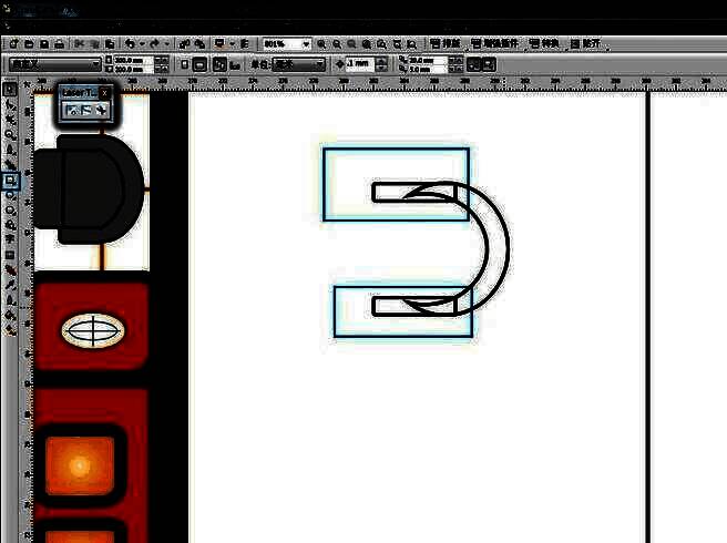 4.矩形工具画矩形,与两个小圆角矩形内侧相切,分别调整圆角
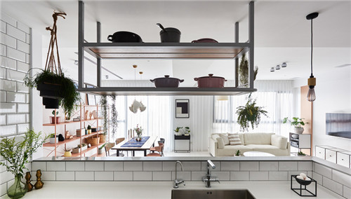 吊装的置物架,省空间又美美的,白色面包砖复古怀旧。
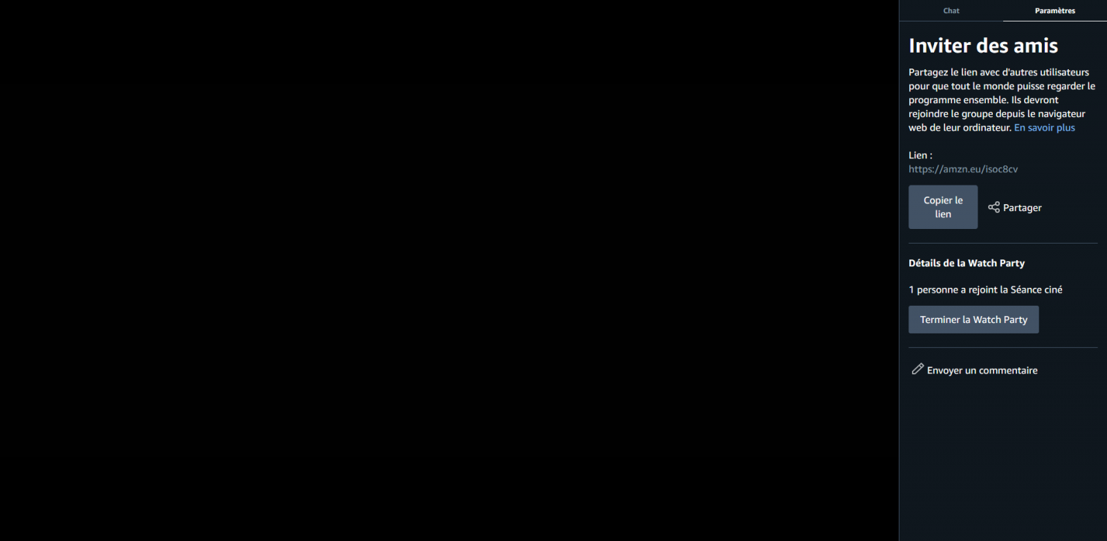 L’invitation se fait sous forme de lien généré automatiquement, à envoyer à vos proches pour qu’ils rejoignent votre séance. A noter, les invités pourront également envoyer leur propre lien à leurs amis une fois la Watch Party rejointe, on comprend mieux la capacité énorme de cette fonctionnalité, si chaque ami décide d’en inviter un autre…
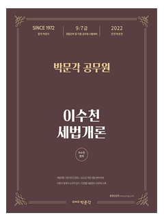 본문은 세법 조문을 바탕으로 수험생들이 법령을 이해하는 데 도움이 되는 문장으로 재구성하였고 날개의 주석 등으로 확실히 짚고 넘어가야 할 부분을 재확인시켜 준다. 『2022 이수천 세법개론』으로 반복 학습한다면 합격에 필요한 고득점을 얻는 데 큰 도움이 될 것이라 확신한다.
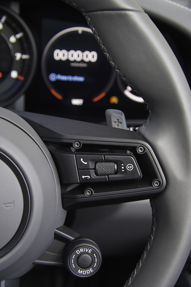 עוד אלמנט שזורח ככל שהזמן עובר הוא ההגה. על לחשושי צמיג אל קצות האצבעות כבר ויתרנו בעידן הזה. ההגה של הפורשה הזו מסביר למה התרגלנו גם לזה. הוא מהיר, משקלו טבעי ונכון והוא מדויק מאוד. חבר, את אלו יחד ותבין איך אתה צולף אתו אייפקס אחרי אייפקס. על המסלול ומחוצה לו. במקומות האלו השיוף הארוך של המכלולים האלו מתבטא ומורגש.
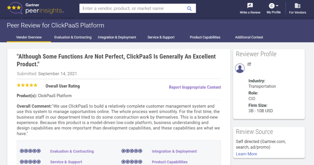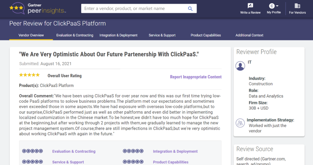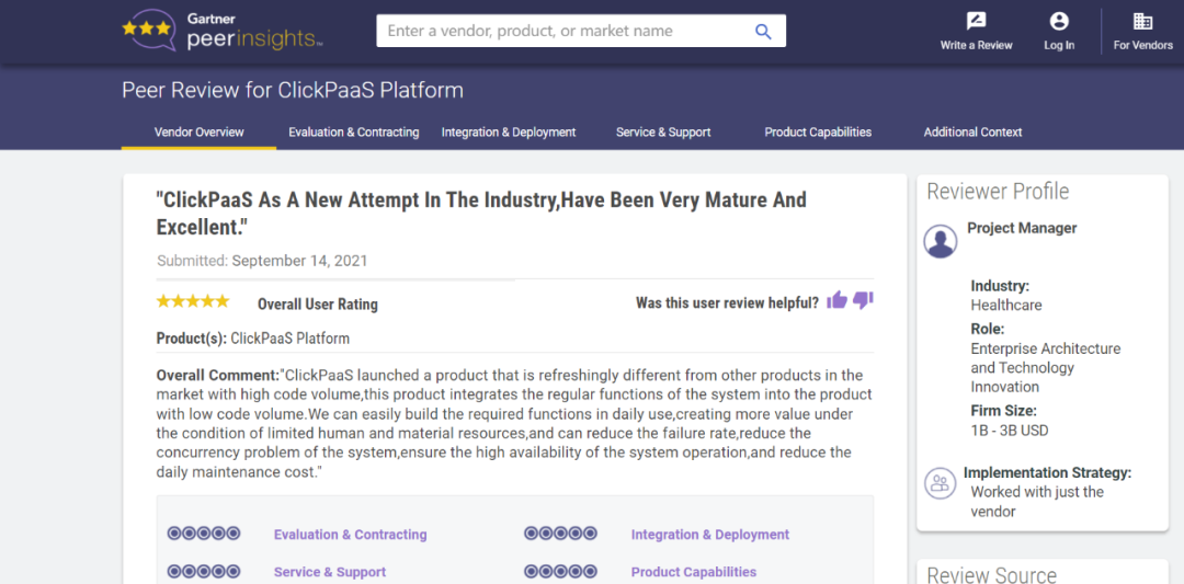 Tips:::::::::::【Peer Insights】——用户对企业IT产品和服务发布真实评价的平台。。。。。。。。。。。。。。目前已有355个市场,,,,,,,255,000条经过验证的评价。。。。。。。。。。。每一条评价Gartner会针对参评企业营收规模及参评人员信息做验证、、、、、、、、、评价内容做多维核实。。。。。。
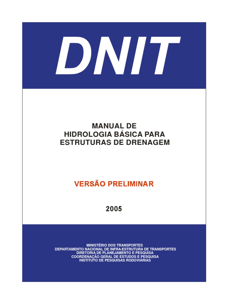 A presente edição do Manual Hidrologia Básica para Estruturas de Drenagem tem por objetivo
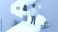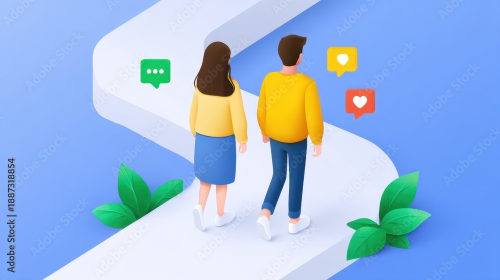 Young couple walking along a winding path with colorful chat bubbles, symbolizing communication and connection in a digital age od 0,00 zł Dopasuj i kup
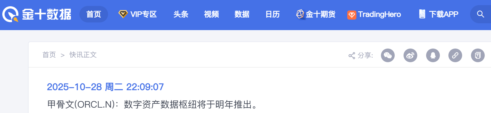 - 甲骨文:数字资产数据枢纽将于明年推出
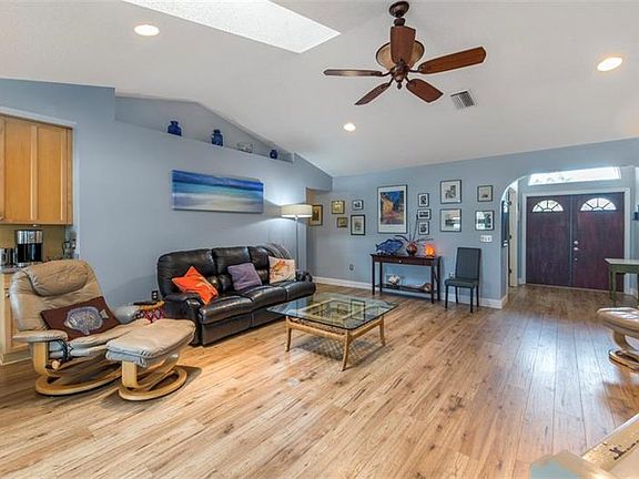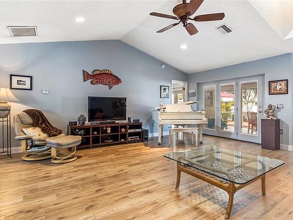 Welcome to this boating community located in beautiful Englewood, FL where you can be to the beach in less than 2 miles! As you enter your new home you are greeted with a wide open great room with a direct sight to your fully fenced backyard. Your first bedroom is located to your right through french doors - currently being used as a den/office space. The 2nd bedroom is right down the hall and includes a walk in closet for extra storage and there is a guest bath in between. The master bedroom is on the other side of the home and has french doors leading out the lanai. The master bath boasts a double sink vanity and walk-in shower. The kitchen and dinette area are located at the back of the home with full sight of the backyard and great room area which is great for entertaining. It includes stainless steel appliances and corian countertops with plenty of cabinet spaces including a coffee station. Beautiful wood laminate throughout the ENTIRE home for easy maintenance. Enjoy your private backyard which even includes a koi pond and is fully fenced. This corner lot gives you lots of room to enjoy the outdoors and has Florida "friendly" plants for low maintenance!

### Your task
Begin at the first line of the data above and repeat each line exactly, stopping after the line containing "본문은 세법 조문을 바탕으로". Omit the pictures.

### Output of the task
 4.矩形工具画矩形,与两个小圆角矩形内侧相切,分别调整圆角
 吊装的置物架,省空间又美美的,白色面包砖复古怀旧。
 L’invitation se fait sous forme de lien généré automatiquement, à envoyer à vos proches pour qu’ils rejoignent votre séance. A noter, les invités pourront également envoyer leur propre lien à leurs amis une fois la Watch Party rejointe, on comprend mieux la capacité énorme de cette fonctionnalité, si chaque ami décide d’en inviter un autre…
 본문은 세법 조문을 바탕으로 수험생들이 법령을 이해하는 데 도움이 되는 문장으로 재구성하였고 날개의 주석 등으로 확실히 짚고 넘어가야 할 부분을 재확인시켜 준다. 『2022 이수천 세법개론』으로 반복 학습한다면 합격에 필요한 고득점을 얻는 데 큰 도움이 될 것이라 확신한다.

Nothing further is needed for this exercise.